Miri struggled to her feet once more. She couldn't quite do it, but Eventide reached a hand out and lifted Miri out of the water and into the air. Miri put her hand out, one single talon upon her fingertip moving through the air. She hit something palpable within the nothingness in front of her, rending it open. A tear in the fabric of the world. A glowing, yellow portal ripped open, showing the stars behind it and in their center: the Black Sun. Behind it was Thyr, eclipsed, lending a halo of light to the ominous ink.

"There," Miri said, trying not to sound defeated, "This pocket is reconnected to the Black Sun." At least she trusted Eventide. She had never known it to go back on a deal.

"See you soon, Little Crow." Eventide vanished into the mists.

"Yeah, coward," Miri groaned after it was gone, spitting up blood, "Run away."

Joyona came up out of the water with a crash, pulling off her helmet and throwing it into the swamp. She was heaving, vomiting swamp water and trying to regain control of herself.

"Help!" Gwendolyn cried out behind the tree upon which Miri rested, "I'm hurt, I need-.. Joyona, I think I need that armor!"

As soon as she was able, Joyona struggled to her feet, gave Miri a confused look, and then wordlessly ran to Gwendolyn's position.

It was a short while before Gwendolyn was up and moving again, though she was about as bloody as Miri.
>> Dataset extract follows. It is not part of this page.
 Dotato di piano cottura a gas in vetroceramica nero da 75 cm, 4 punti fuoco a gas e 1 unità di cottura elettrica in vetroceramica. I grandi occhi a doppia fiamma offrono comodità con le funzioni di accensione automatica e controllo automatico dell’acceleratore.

A bit less openings in her body, though, for which Gwendolyn should be grateful. Mairaela came back in short order, too. Her nose was bleeding and one eye was bloodshot, but she was otherwise unharmed.

"What happened?" Mairaela gasped.

Gwendolyn shook her head.

Joyona gestured to Miri, which gave Mairaela a bit of a fright.

"What are you doing here?" Mairaela asked Miri with a furrowed brow.

"Oh," Miri said, rocking her head back against the tree and closing her eyes, "You know that 'good fight' I mentioned? Think I just had it."

"That doesn't answer the question," Gwendolyn said, though she looked sympathetic to the demoness' pain.

"I cut some wrong-place-wrong-time fucks to itty bitty shreds," Miri grunted with a bloody smirk, "Again." She neglected to mention saving all of them. It wouldn't be good to raise more questions.

"Are you going to give control back to Tess?" Mairaela asked.

"When our body isn't falling apart, sure," Miri replied, "Or would you have her go through this pain instead?"

"No," Mairaela said, looking remorseful, "No, I didn't mean it like that."

She did, Miri knew.

"Joyona," Miri groaned, "Mind carrying me?"

The giant nodded her head and Miri flashed her cheeky smile.

When the group reached the tower, Miri's rapid healing had most of her wounds closing and her bones reconnected. Her finger was growing back and she wasn't bleeding so much anymore. "I want Tess to see this part. It's special, the first time."